For the material below, reproduce exactly each line from the one that has "輸入電源電壓正常時,Y1A輸" through the one that has "Пряжа для вязания", and no others; pictures stay out.

MATERIAL SHOWN:

━━━

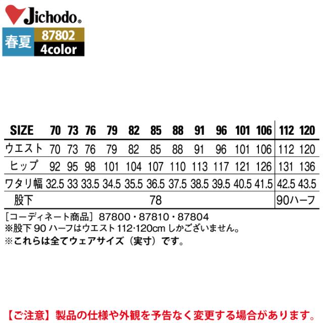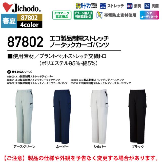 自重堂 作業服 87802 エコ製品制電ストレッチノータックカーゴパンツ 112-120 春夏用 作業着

━━━

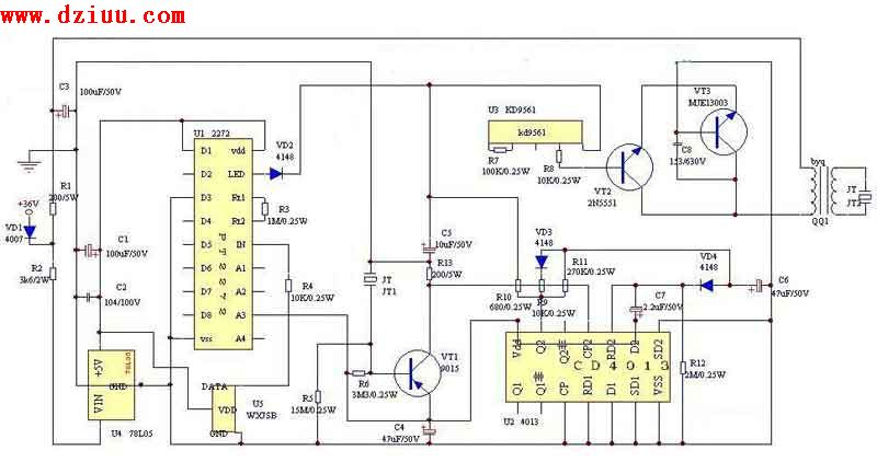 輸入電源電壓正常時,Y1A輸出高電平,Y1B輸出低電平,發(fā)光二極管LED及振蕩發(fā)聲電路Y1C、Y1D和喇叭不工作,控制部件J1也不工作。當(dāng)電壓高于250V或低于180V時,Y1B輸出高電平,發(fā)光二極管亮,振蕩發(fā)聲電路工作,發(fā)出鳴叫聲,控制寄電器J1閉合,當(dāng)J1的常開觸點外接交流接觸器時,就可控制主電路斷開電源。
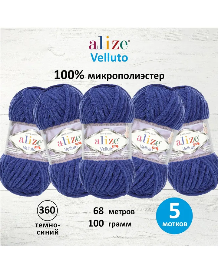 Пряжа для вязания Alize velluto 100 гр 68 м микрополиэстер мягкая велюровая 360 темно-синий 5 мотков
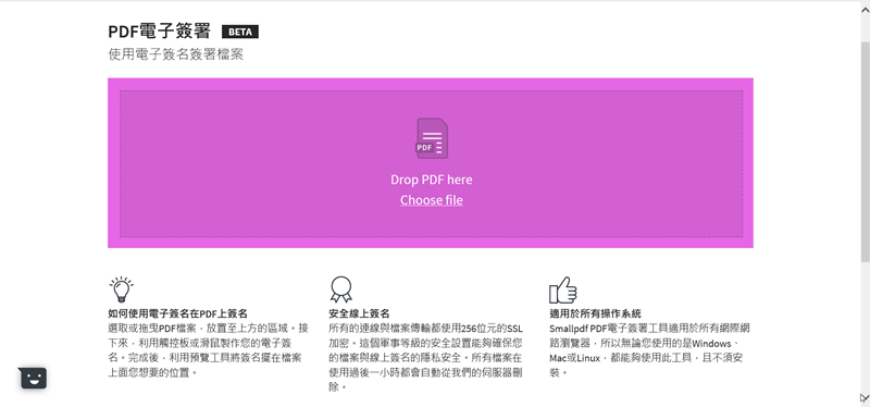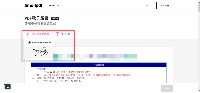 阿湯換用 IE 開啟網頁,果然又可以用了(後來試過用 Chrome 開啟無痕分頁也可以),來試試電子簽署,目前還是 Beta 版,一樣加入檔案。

━━━

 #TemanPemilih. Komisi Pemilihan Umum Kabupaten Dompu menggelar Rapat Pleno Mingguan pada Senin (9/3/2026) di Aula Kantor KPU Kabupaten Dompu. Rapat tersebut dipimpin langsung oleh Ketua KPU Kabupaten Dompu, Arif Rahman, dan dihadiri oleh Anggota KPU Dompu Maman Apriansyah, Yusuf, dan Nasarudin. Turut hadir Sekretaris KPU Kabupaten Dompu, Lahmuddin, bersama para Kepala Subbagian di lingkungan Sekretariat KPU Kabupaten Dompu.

━━━

OUTPUT OF THE TASK:
 輸入電源電壓正常時,Y1A輸出高電平,Y1B輸出低電平,發(fā)光二極管LED及振蕩發(fā)聲電路Y1C、Y1D和喇叭不工作,控制部件J1也不工作。當(dāng)電壓高于250V或低于180V時,Y1B輸出高電平,發(fā)光二極管亮,振蕩發(fā)聲電路工作,發(fā)出鳴叫聲,控制寄電器J1閉合,當(dāng)J1的常開觸點外接交流接觸器時,就可控制主電路斷開電源。
 Пряжа для вязания Alize velluto 100 гр 68 м микрополиэстер мягкая велюровая 360 темно-синий 5 мотков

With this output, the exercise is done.